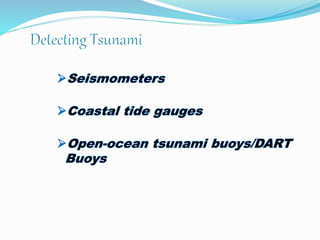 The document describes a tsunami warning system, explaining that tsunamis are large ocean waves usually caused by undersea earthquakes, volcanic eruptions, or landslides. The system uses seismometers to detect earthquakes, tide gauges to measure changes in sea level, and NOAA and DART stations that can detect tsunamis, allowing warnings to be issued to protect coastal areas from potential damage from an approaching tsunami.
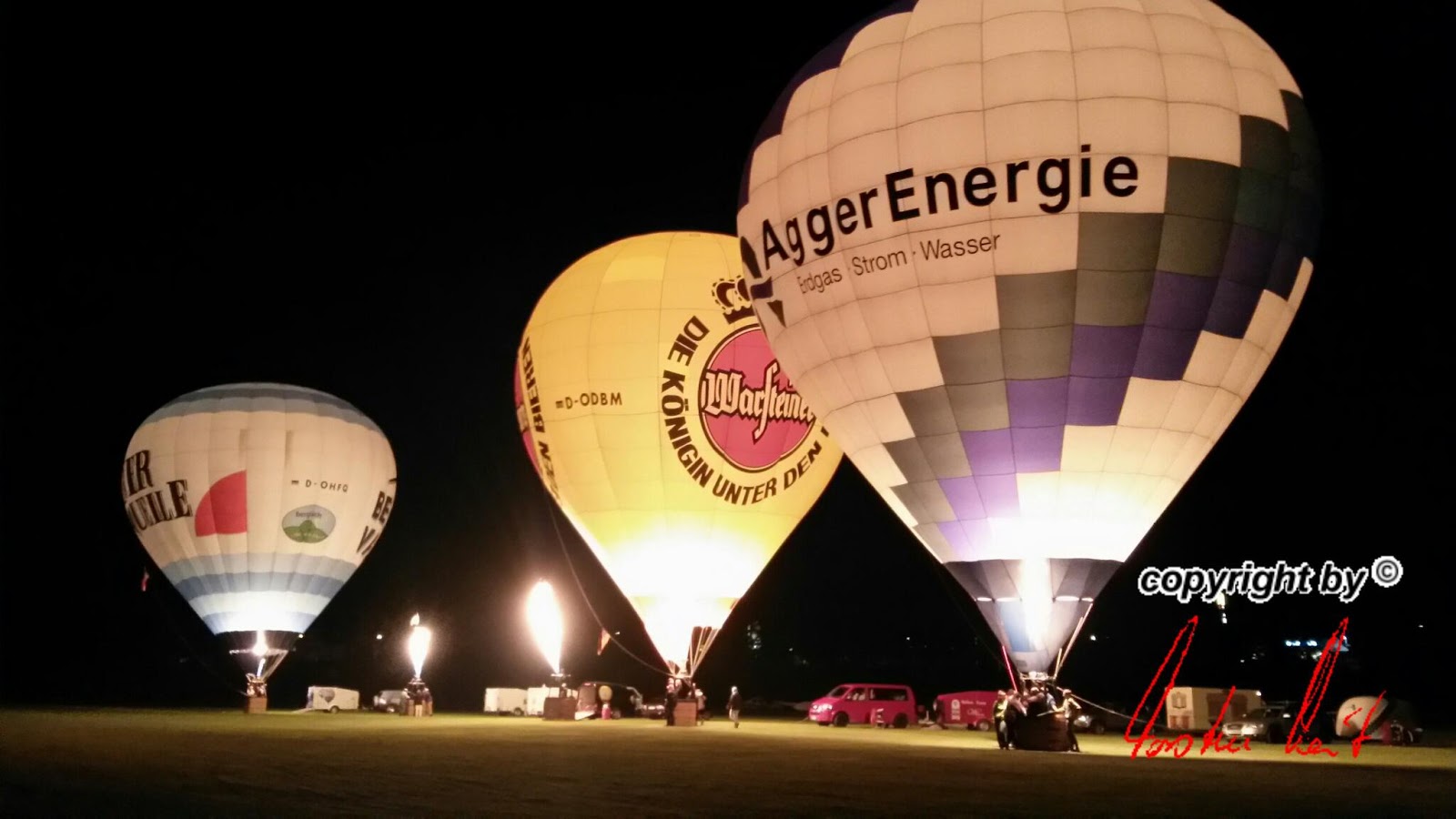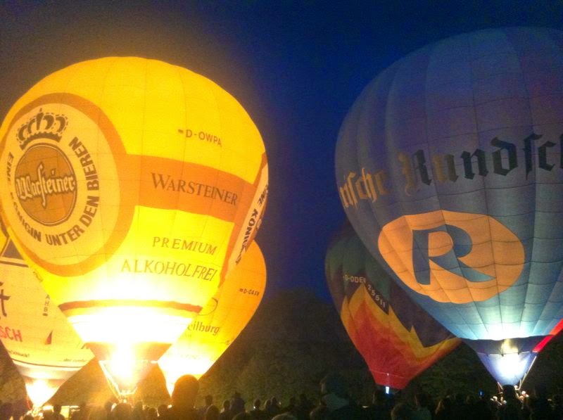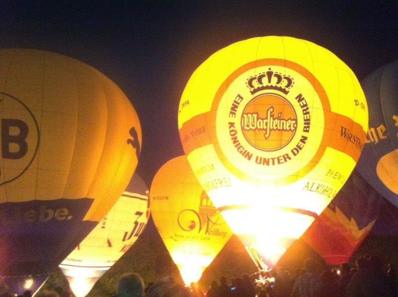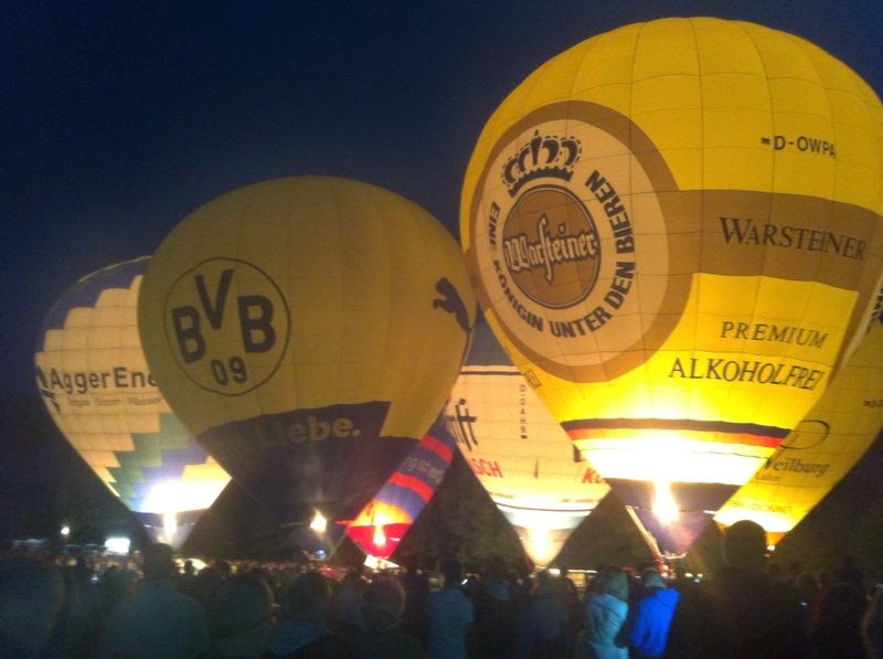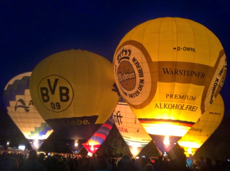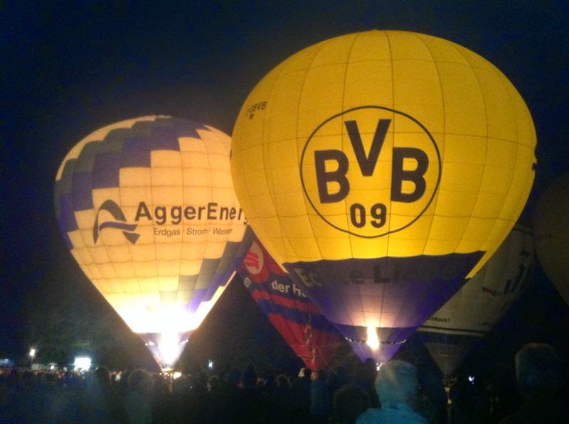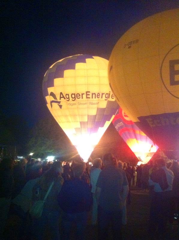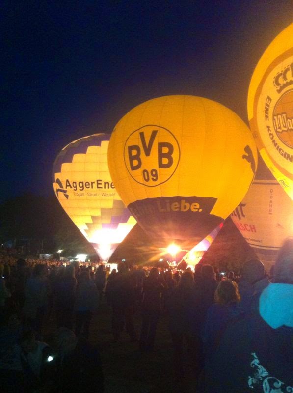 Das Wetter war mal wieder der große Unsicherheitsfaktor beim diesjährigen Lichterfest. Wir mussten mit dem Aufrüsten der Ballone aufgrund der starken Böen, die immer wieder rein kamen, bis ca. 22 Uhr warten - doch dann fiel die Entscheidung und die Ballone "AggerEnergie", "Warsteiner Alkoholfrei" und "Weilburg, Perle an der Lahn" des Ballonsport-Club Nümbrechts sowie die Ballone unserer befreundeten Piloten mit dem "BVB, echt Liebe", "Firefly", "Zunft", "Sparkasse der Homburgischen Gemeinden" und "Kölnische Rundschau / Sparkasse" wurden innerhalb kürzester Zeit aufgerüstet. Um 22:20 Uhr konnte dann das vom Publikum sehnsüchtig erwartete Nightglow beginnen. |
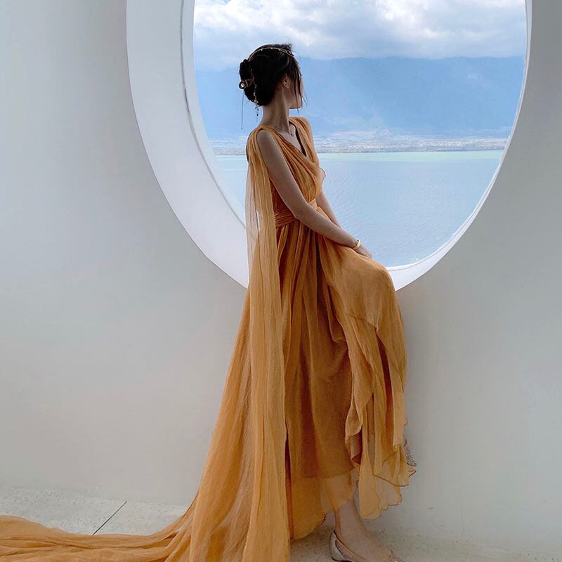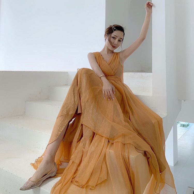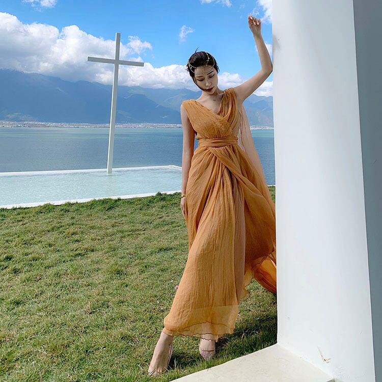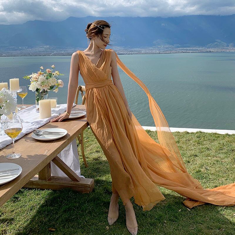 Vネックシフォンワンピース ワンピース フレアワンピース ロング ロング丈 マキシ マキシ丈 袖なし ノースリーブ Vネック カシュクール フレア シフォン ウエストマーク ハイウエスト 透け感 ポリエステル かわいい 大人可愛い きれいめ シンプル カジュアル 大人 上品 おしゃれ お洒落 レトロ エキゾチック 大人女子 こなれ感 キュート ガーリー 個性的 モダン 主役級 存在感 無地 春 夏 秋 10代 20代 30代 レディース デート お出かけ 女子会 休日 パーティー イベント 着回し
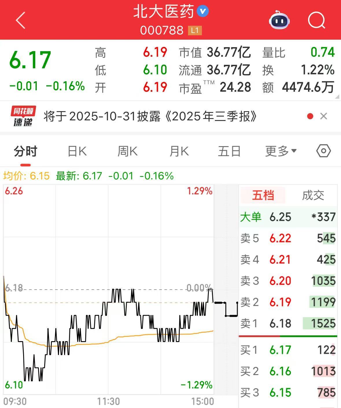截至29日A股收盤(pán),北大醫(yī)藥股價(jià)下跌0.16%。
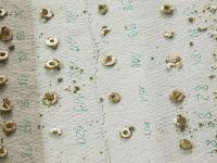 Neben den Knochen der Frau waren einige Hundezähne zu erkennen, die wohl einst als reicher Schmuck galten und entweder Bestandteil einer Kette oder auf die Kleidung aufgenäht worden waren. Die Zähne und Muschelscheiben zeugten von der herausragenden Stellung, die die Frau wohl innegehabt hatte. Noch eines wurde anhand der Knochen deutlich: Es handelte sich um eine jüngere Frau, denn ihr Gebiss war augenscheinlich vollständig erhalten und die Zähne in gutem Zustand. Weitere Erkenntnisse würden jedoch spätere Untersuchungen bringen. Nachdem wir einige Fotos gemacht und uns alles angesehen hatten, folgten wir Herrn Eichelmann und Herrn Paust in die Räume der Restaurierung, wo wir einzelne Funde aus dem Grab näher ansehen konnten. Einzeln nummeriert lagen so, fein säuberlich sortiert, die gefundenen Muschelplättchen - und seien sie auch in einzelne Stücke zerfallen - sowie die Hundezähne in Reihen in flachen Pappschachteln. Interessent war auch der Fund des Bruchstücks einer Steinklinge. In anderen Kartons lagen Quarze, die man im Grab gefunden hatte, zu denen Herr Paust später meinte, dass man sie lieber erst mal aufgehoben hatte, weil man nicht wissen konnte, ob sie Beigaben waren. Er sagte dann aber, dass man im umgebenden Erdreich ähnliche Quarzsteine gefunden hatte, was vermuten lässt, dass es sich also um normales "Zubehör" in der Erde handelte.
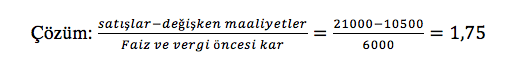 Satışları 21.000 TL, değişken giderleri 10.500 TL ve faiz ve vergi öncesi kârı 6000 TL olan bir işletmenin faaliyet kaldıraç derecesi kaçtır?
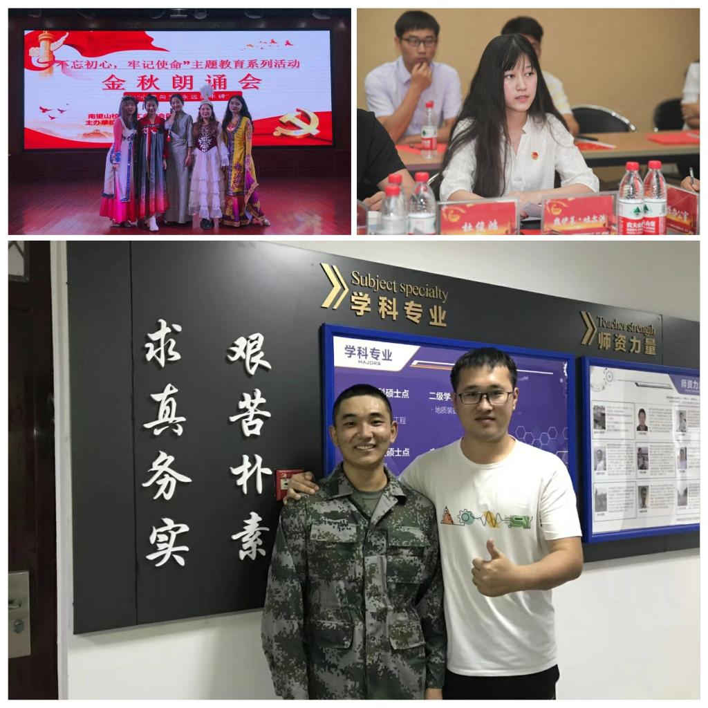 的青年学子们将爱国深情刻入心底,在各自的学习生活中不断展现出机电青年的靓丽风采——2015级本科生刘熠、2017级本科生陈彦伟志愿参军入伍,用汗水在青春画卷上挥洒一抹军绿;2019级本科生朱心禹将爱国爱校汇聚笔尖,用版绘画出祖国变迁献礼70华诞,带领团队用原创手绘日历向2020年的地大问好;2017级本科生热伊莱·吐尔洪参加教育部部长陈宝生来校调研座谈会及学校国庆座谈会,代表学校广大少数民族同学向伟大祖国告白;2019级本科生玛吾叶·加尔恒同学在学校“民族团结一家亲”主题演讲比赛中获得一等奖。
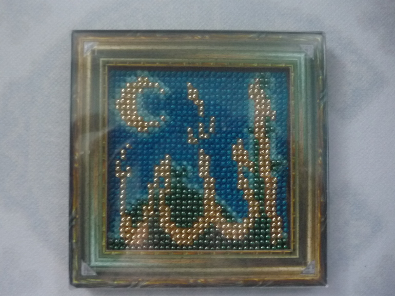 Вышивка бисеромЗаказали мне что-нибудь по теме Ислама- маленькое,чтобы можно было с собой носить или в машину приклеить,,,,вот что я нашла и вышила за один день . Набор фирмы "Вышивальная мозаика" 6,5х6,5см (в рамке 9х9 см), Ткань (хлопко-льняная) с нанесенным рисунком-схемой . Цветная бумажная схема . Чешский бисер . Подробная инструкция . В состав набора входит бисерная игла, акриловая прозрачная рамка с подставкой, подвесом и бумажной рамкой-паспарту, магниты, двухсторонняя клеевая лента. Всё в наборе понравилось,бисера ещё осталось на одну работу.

══════════

◆ **What the task requires**: Excluding the pictures, output every entry above without alteration.

◆ **Your solution**:
 The document describes a tsunami warning system, explaining that tsunamis are large ocean waves usually caused by undersea earthquakes, volcanic eruptions, or landslides. The system uses seismometers to detect earthquakes, tide gauges to measure changes in sea level, and NOAA and DART stations that can detect tsunamis, allowing warnings to be issued to protect coastal areas from potential damage from an approaching tsunami.
 Das Wetter war mal wieder der große Unsicherheitsfaktor beim diesjährigen Lichterfest. Wir mussten mit dem Aufrüsten der Ballone aufgrund der starken Böen, die immer wieder rein kamen, bis ca. 22 Uhr warten - doch dann fiel die Entscheidung und die Ballone "AggerEnergie", "Warsteiner Alkoholfrei" und "Weilburg, Perle an der Lahn" des Ballonsport-Club Nümbrechts sowie die Ballone unserer befreundeten Piloten mit dem "BVB, echt Liebe", "Firefly", "Zunft", "Sparkasse der Homburgischen Gemeinden" und "Kölnische Rundschau / Sparkasse" wurden innerhalb kürzester Zeit aufgerüstet. Um 22:20 Uhr konnte dann das vom Publikum sehnsüchtig erwartete Nightglow beginnen. |
 Vネックシフォンワンピース ワンピース フレアワンピース ロング ロング丈 マキシ マキシ丈 袖なし ノースリーブ Vネック カシュクール フレア シフォン ウエストマーク ハイウエスト 透け感 ポリエステル かわいい 大人可愛い きれいめ シンプル カジュアル 大人 上品 おしゃれ お洒落 レトロ エキゾチック 大人女子 こなれ感 キュート ガーリー 個性的 モダン 主役級 存在感 無地 春 夏 秋 10代 20代 30代 レディース デート お出かけ 女子会 休日 パーティー イベント 着回し
截至29日A股收盤(pán),北大醫(yī)藥股價(jià)下跌0.16%。
 Neben den Knochen der Frau waren einige Hundezähne zu erkennen, die wohl einst als reicher Schmuck galten und entweder Bestandteil einer Kette oder auf die Kleidung aufgenäht worden waren. Die Zähne und Muschelscheiben zeugten von der herausragenden Stellung, die die Frau wohl innegehabt hatte. Noch eines wurde anhand der Knochen deutlich: Es handelte sich um eine jüngere Frau, denn ihr Gebiss war augenscheinlich vollständig erhalten und die Zähne in gutem Zustand. Weitere Erkenntnisse würden jedoch spätere Untersuchungen bringen. Nachdem wir einige Fotos gemacht und uns alles angesehen hatten, folgten wir Herrn Eichelmann und Herrn Paust in die Räume der Restaurierung, wo wir einzelne Funde aus dem Grab näher ansehen konnten. Einzeln nummeriert lagen so, fein säuberlich sortiert, die gefundenen Muschelplättchen - und seien sie auch in einzelne Stücke zerfallen - sowie die Hundezähne in Reihen in flachen Pappschachteln. Interessent war auch der Fund des Bruchstücks einer Steinklinge. In anderen Kartons lagen Quarze, die man im Grab gefunden hatte, zu denen Herr Paust später meinte, dass man sie lieber erst mal aufgehoben hatte, weil man nicht wissen konnte, ob sie Beigaben waren. Er sagte dann aber, dass man im umgebenden Erdreich ähnliche Quarzsteine gefunden hatte, was vermuten lässt, dass es sich also um normales "Zubehör" in der Erde handelte.
 Satışları 21.000 TL, değişken giderleri 10.500 TL ve faiz ve vergi öncesi kârı 6000 TL olan bir işletmenin faaliyet kaldıraç derecesi kaçtır?
 的青年学子们将爱国深情刻入心底,在各自的学习生活中不断展现出机电青年的靓丽风采——2015级本科生刘熠、2017级本科生陈彦伟志愿参军入伍,用汗水在青春画卷上挥洒一抹军绿;2019级本科生朱心禹将爱国爱校汇聚笔尖,用版绘画出祖国变迁献礼70华诞,带领团队用原创手绘日历向2020年的地大问好;2017级本科生热伊莱·吐尔洪参加教育部部长陈宝生来校调研座谈会及学校国庆座谈会,代表学校广大少数民族同学向伟大祖国告白;2019级本科生玛吾叶·加尔恒同学在学校“民族团结一家亲”主题演讲比赛中获得一等奖。
 Вышивка бисеромЗаказали мне что-нибудь по теме Ислама- маленькое,чтобы можно было с собой носить или в машину приклеить,,,,вот что я нашла и вышила за один день . Набор фирмы "Вышивальная мозаика" 6,5х6,5см (в рамке 9х9 см), Ткань (хлопко-льняная) с нанесенным рисунком-схемой . Цветная бумажная схема . Чешский бисер . Подробная инструкция . В состав набора входит бисерная игла, акриловая прозрачная рамка с подставкой, подвесом и бумажной рамкой-паспарту, магниты, двухсторонняя клеевая лента. Всё в наборе понравилось,бисера ещё осталось на одну работу.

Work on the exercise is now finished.